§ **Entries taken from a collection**
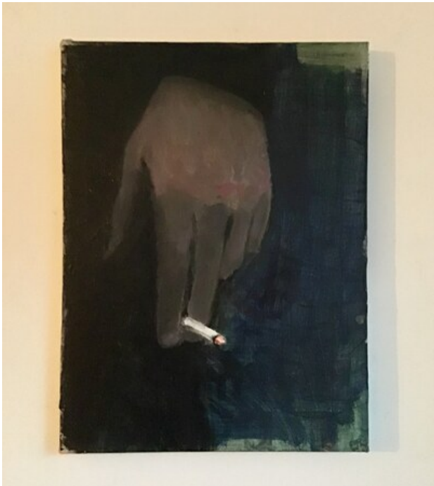
, 2020 Gemengde techniek op doek, 40 x 30 cm
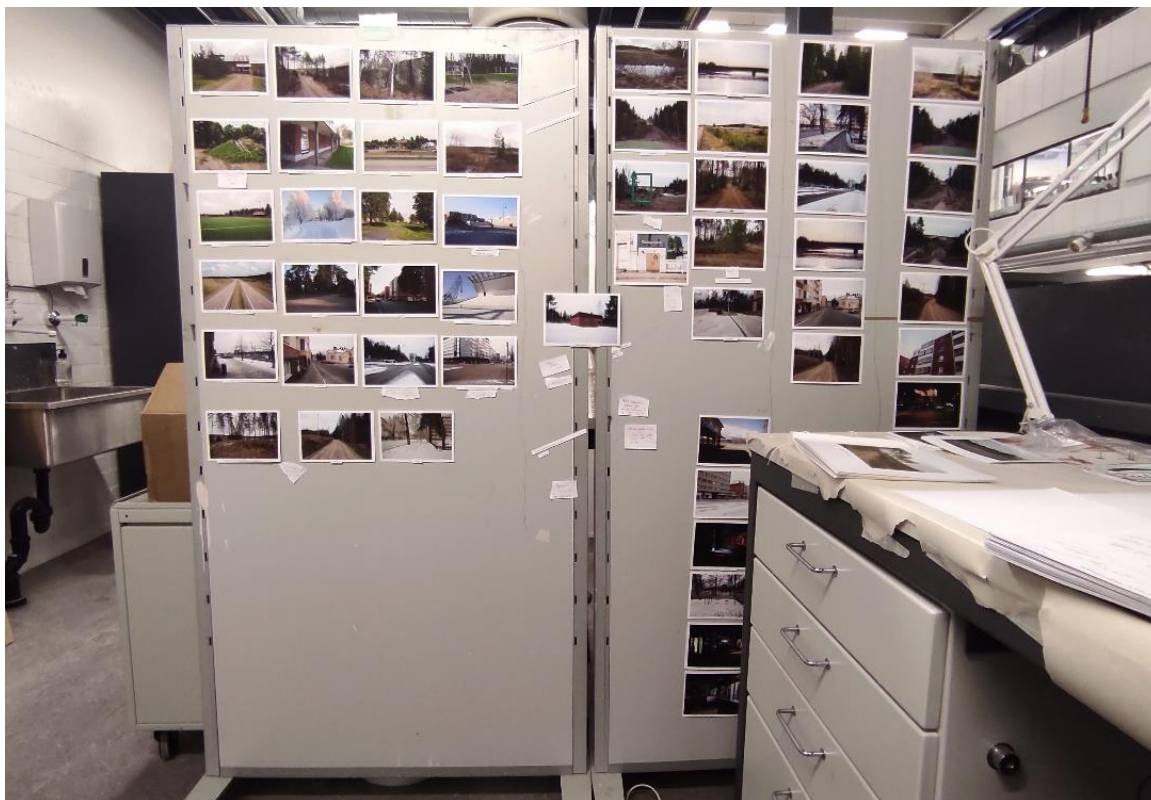
Kuva 11. Työpisteeni kuvakokonaisuuden hahmotteluvaiheessa.

Kirjassa on hyvin monta elementtiä, jotka kaikki vaikuttavat toisiinsa, ja kaikkien niiden kasaaminen yhteen rytmillisesti, kuvallisesti ja kertomuksellisesti mahdollisimman tasapainoiseksi kokonaisuudeksi otti aikansa. Tulostin kuvat noin postikortin kokoisiksi pieniksi mustesuihkuvedoksiksi, luonnoskuvien tapaisesti, ja eri sanapariluonnokset eri paperille, jonka leikkelin niin, että sain kaikki tekstivaihtoehdot erilleen toisistaan, ja pyörittelin niitä työpisteeni seinäpinta-alalla nähdäkseni koko kokonaisuuden kerralla (Kuva 11). Lisäksi tulostin kuvat myös alustavan sivun muotoon ja koostin niistä sekä paperille tulostetuista irrallisista tekstivaihtoehdoista luonnoskirjan (Kuvat 12 ja 13), jonka muodossa kokeilin eri järjestysten ja tekstien toimivuutta kirjana, vaihtelemalla sivujen järjestystä ja tekstejä kuvien alla. Kuvien katsominen kirjasta peräjälkeen, verrattuna kaiken katsomiseen seinältä kerralla, on erilainen kokemus.
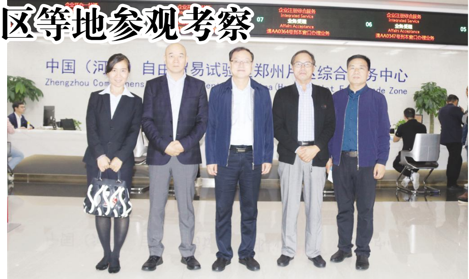
合服务区四个功能分区。中心位于全国铁路公路网最大交汇处、全国重要物流节点的郑州经济技术开发区内,是中原经济区重要国际采购、分拨和配送中心。

河南保税物流中心成立于2010年1月7日,是河南省重要的外向型经济服务平台。中心占地55万平方米,总投资20亿元,分为海关运行区、特色物流交易区、口岸作业区、综
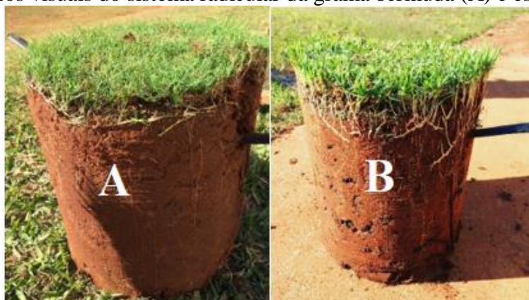
Figura 3. Aspectos visuais do sistema radicular da grama bermuda (A) e esmeralda (B).

A exemplo do que ocorreu na massa seca de raízes do vaso, também nas raízes aderidas ao geotêxtil a grama bermuda não
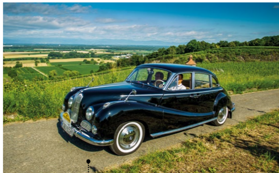
18 • Werner und Helga Hahn BMW 502 Limousine 2580 ccm | 100 PS | 1955
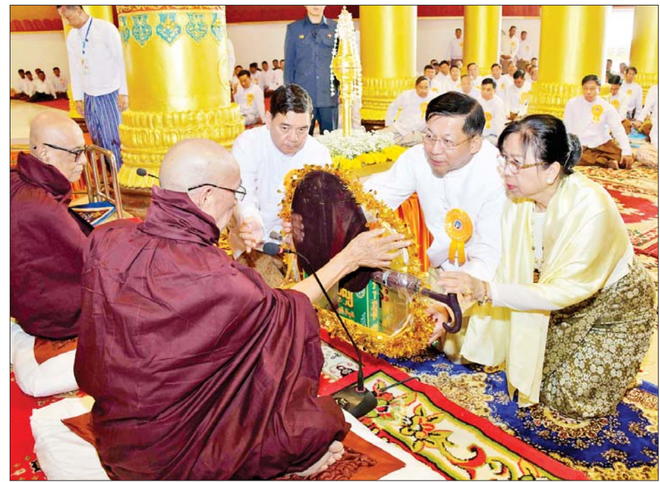
နိုင်ငံတော် စီမံအုပ်ချုပ်ရေး ကောင်စီဥက္ကဋ္ဌ နိုင်ငံတော် ဝန်ကြီးချုပ် ဗိုလ်ချုပ်မှူးကြီး မင်းအောင်လှိုင်၏ ဇနီး ဒေါ်ကြူကြူလှနှင့် အဖွဲ့ဝင်များ၊ အခမ်းအနား တက်ရောက် လာကြသူများနှင့် ဒေသခံ တိုင်းရင်းသား ပြည်သူလူထု တို့က မင်္ဂလာကြီးဆွဲ၍ ရတနာ စိန်ဖူးတော်၊ ငှက်မြတ်နားတော် တို့အား မင်္ဂလာရထားပျံဖြင့် လောကာနန္ဒာ စေတီတော် မြတ်ကြီး အထွတ်သို့ ပင့်ဆောင် ကြစဉ်။
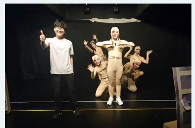
고등부문 대상 (TenFingers)
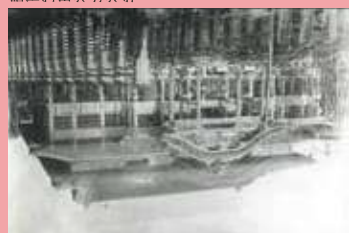
战前的首里城正殿

据传首里城建于14世纪左右，是一座融合了中日文化的琉球独特城郭，曾是琉球王国最大的木造建筑。首里城是国王及其家族居住的“王宫”，同时也是王国统治的行政机构“首里王府”的总部。此外，这里也是被派至各地神女们执行王国祭祀的宗教据点。1879年成为冲绳县之后，首里城被作为日本军队的驻扎地和各种学校等使用。后于1945年的冲绳战役中被烧毁，战后成为琉球大学的校区。大学搬迁后启动了复原项目，并于1992年以首里城公园对公众开放。被复原的首里城参考的是18世纪以后的首里城蓝图。
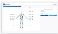
② センサとそのバッテリー残量を検出します。
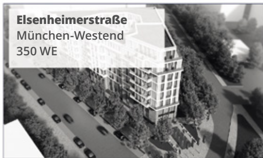
Elsenheimerstraße München-Westend 350 WE
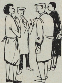
med delom preveč razpravljali
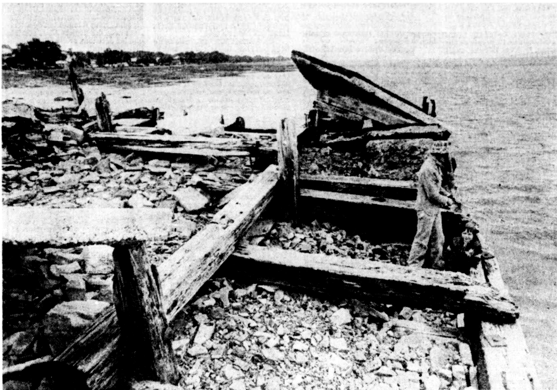
La réparation du quai de Saint-Laurent, comme dans le cas des autres quais de l'île d'Orléans, traîne depuis 1974.
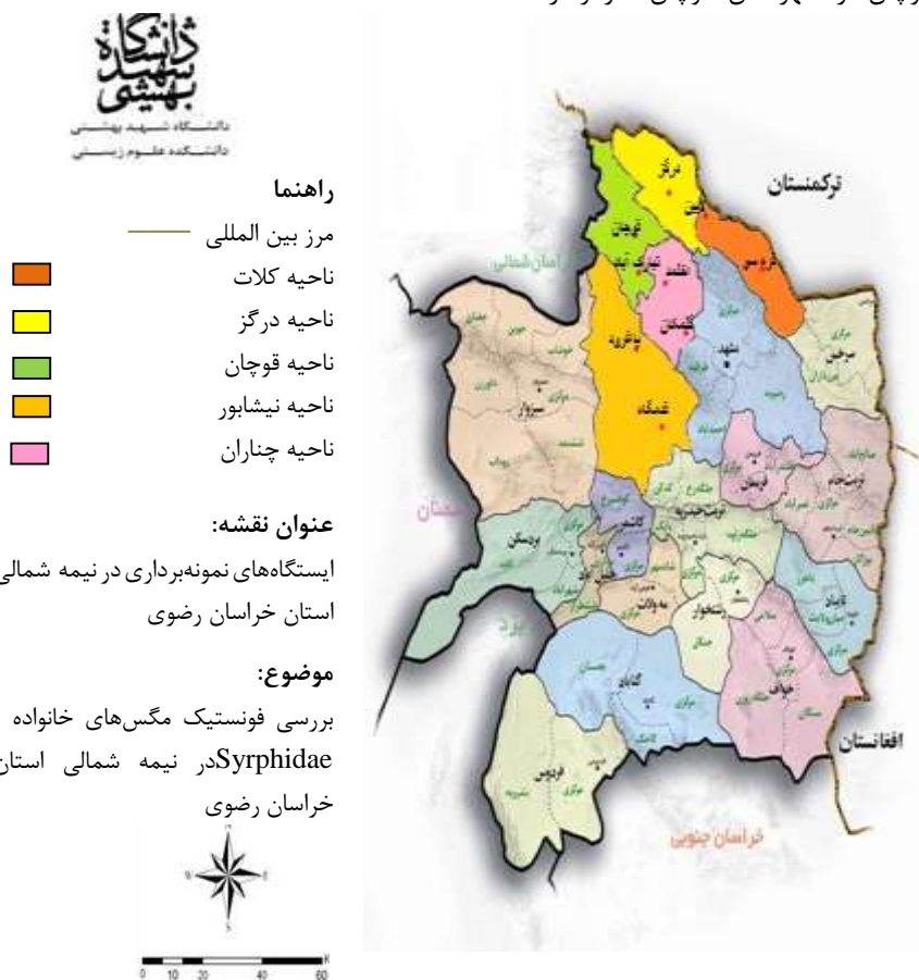
شکل ۱: نقشه ایستگاه‌های مطالعاتی جهت بررسی فون سیرفیده در نیمه شمالی استان خراسان رضوی

§ **Task objective**
Output every record verbatim, excluding any picture it contains.

§ **Result of this exercise**
, 2020 Gemengde techniek op doek, 40 x 30 cm
Kuva 11. Työpisteeni kuvakokonaisuuden hahmotteluvaiheessa.

Kirjassa on hyvin monta elementtiä, jotka kaikki vaikuttavat toisiinsa, ja kaikkien niiden kasaaminen yhteen rytmillisesti, kuvallisesti ja kertomuksellisesti mahdollisimman tasapainoiseksi kokonaisuudeksi otti aikansa. Tulostin kuvat noin postikortin kokoisiksi pieniksi mustesuihkuvedoksiksi, luonnoskuvien tapaisesti, ja eri sanapariluonnokset eri paperille, jonka leikkelin niin, että sain kaikki tekstivaihtoehdot erilleen toisistaan, ja pyörittelin niitä työpisteeni seinäpinta-alalla nähdäkseni koko kokonaisuuden kerralla (Kuva 11). Lisäksi tulostin kuvat myös alustavan sivun muotoon ja koostin niistä sekä paperille tulostetuista irrallisista tekstivaihtoehdoista luonnoskirjan (Kuvat 12 ja 13), jonka muodossa kokeilin eri järjestysten ja tekstien toimivuutta kirjana, vaihtelemalla sivujen järjestystä ja tekstejä kuvien alla. Kuvien katsominen kirjasta peräjälkeen, verrattuna kaiken katsomiseen seinältä kerralla, on erilainen kokemus.
合服务区四个功能分区。中心位于全国铁路公路网最大交汇处、全国重要物流节点的郑州经济技术开发区内,是中原经济区重要国际采购、分拨和配送中心。

河南保税物流中心成立于2010年1月7日,是河南省重要的外向型经济服务平台。中心占地55万平方米,总投资20亿元,分为海关运行区、特色物流交易区、口岸作业区、综
Figura 3. Aspectos visuais do sistema radicular da grama bermuda (A) e esmeralda (B).

A exemplo do que ocorreu na massa seca de raízes do vaso, também nas raízes aderidas ao geotêxtil a grama bermuda não
18 • Werner und Helga Hahn BMW 502 Limousine 2580 ccm | 100 PS | 1955
နိုင်ငံတော် စီမံအုပ်ချုပ်ရေး ကောင်စီဥက္ကဋ္ဌ နိုင်ငံတော် ဝန်ကြီးချုပ် ဗိုလ်ချုပ်မှူးကြီး မင်းအောင်လှိုင်၏ ဇနီး ဒေါ်ကြူကြူလှနှင့် အဖွဲ့ဝင်များ၊ အခမ်းအနား တက်ရောက် လာကြသူများနှင့် ဒေသခံ တိုင်းရင်းသား ပြည်သူလူထု တို့က မင်္ဂလာကြီးဆွဲ၍ ရတနာ စိန်ဖူးတော်၊ ငှက်မြတ်နားတော် တို့အား မင်္ဂလာရထားပျံဖြင့် လောကာနန္ဒာ စေတီတော် မြတ်ကြီး အထွတ်သို့ ပင့်ဆောင် ကြစဉ်။
고등부문 대상 (TenFingers)
战前的首里城正殿

据传首里城建于14世纪左右，是一座融合了中日文化的琉球独特城郭，曾是琉球王国最大的木造建筑。首里城是国王及其家族居住的“王宫”，同时也是王国统治的行政机构“首里王府”的总部。此外，这里也是被派至各地神女们执行王国祭祀的宗教据点。1879年成为冲绳县之后，首里城被作为日本军队的驻扎地和各种学校等使用。后于1945年的冲绳战役中被烧毁，战后成为琉球大学的校区。大学搬迁后启动了复原项目，并于1992年以首里城公园对公众开放。被复原的首里城参考的是18世纪以后的首里城蓝图。
② センサとそのバッテリー残量を検出します。
Elsenheimerstraße München-Westend 350 WE
med delom preveč razpravljali
La réparation du quai de Saint-Laurent, comme dans le cas des autres quais de l'île d'Orléans, traîne depuis 1974.
شکل ۱: نقشه ایستگاه‌های مطالعاتی جهت بررسی فون سیرفیده در نیمه شمالی استان خراسان رضوی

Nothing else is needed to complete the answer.